Sustainable agriculture and food

“Tell me what you eat: I will tell you what you are.”

Jean Anthelme Brillat-Savarin
When we walk into a supermarket, we assume that we have the widest possible choice of healthy foods. But in fact, over the course of the 20th century, our food system was co-opted by corporate forces whose interests do not lie in providing the public with fresh, healthy, sustainably-produced food.
Fortunately for America, an alternative emerged from the counter-culture of California in the late 1960s and early 1970s, where a group of political anti-corporate protesters–led by Alice Waters–voiced their dissent by creating a food chain outside of the conventional system. The unintended result was the birth of a vital local-sustainable-organic food movement which has brought back taste and variety to our tables.
FOOD FIGHT is a fascinating look at how American agricultural policy and food culture developed in the 20th century, and how the California food movement has created a counter-revolution against big agribusiness.

What is sustainable food?

A sustainable food system is a type of food system that provides healthy food to people while also providing sustainable impacts on both environmental, economic and social systems that surround food.
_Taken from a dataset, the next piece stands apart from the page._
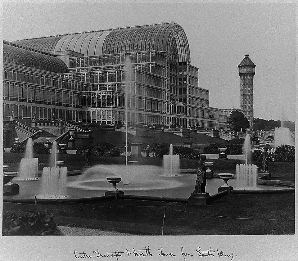 Crystal Palace Centre transept & north tower from south wing
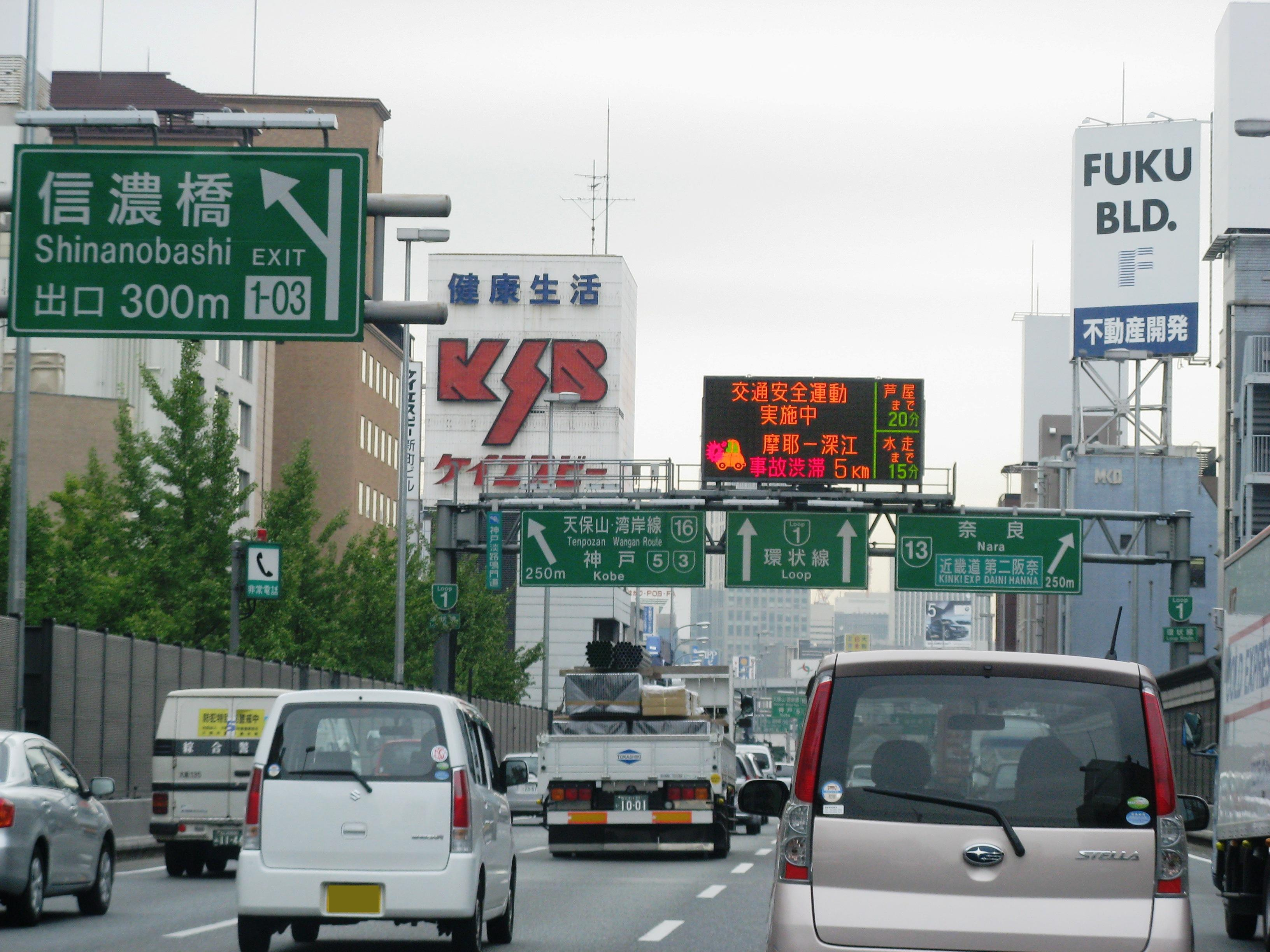 Route 1 Loop Route of Hanshin Expressway, Osaka. Taken with a Canon PowerShot A720 IS.

Sustainable food systems start with the development of sustainable agricultural practices, development of more sustainable food distribution systems, creation of sustainable diets and reduction of food waste throughout the system. Sustainable food systems have been argued to be central to many or all 17 Sustainable Development Goals [“Sustainable food systems” (PDF). Food and Agricultural Organization of the United Nations].

Moving to sustainable food systems is an important component of addressing the causes of climate change. A 2020 review conducted for the European Union found that up to 37% of global greenhouse gas emissions could be attributed to the food system, including crop and livestock production, transportation, changing land use (including deforestation) and food loss and waste. Sustainable food systems are frequently at the center of sustainability focused policy programs, such as proposed Green New Deal programs.

Problems with conventional food systems

Industrial agriculture causes environmental impacts, as well as health problems associated with obesity in the rich world and hunger in the poor world. This has generated a strong movement towards healthy, sustainable eating as a major component of overall ethical consumerism.

Conventional food systems are largely based on the availability of inexpensive fossil fuels, which is necessary for mechanized agriculture, the manufacture or collection of chemical fertilizers, the processing of food products, and the packaging of foods. Food processing began when the number of consumers started growing rapidly. The demand for cheap and efficient calories climbed resulting in nutrition decline. Industrialized agriculture, due to its reliance on economies of scale to reduce production costs, often leads to the compromising of local, regional, or even global ecosystems through fertilizer runoff, nonpoint source pollution, and greenhouse gas emission.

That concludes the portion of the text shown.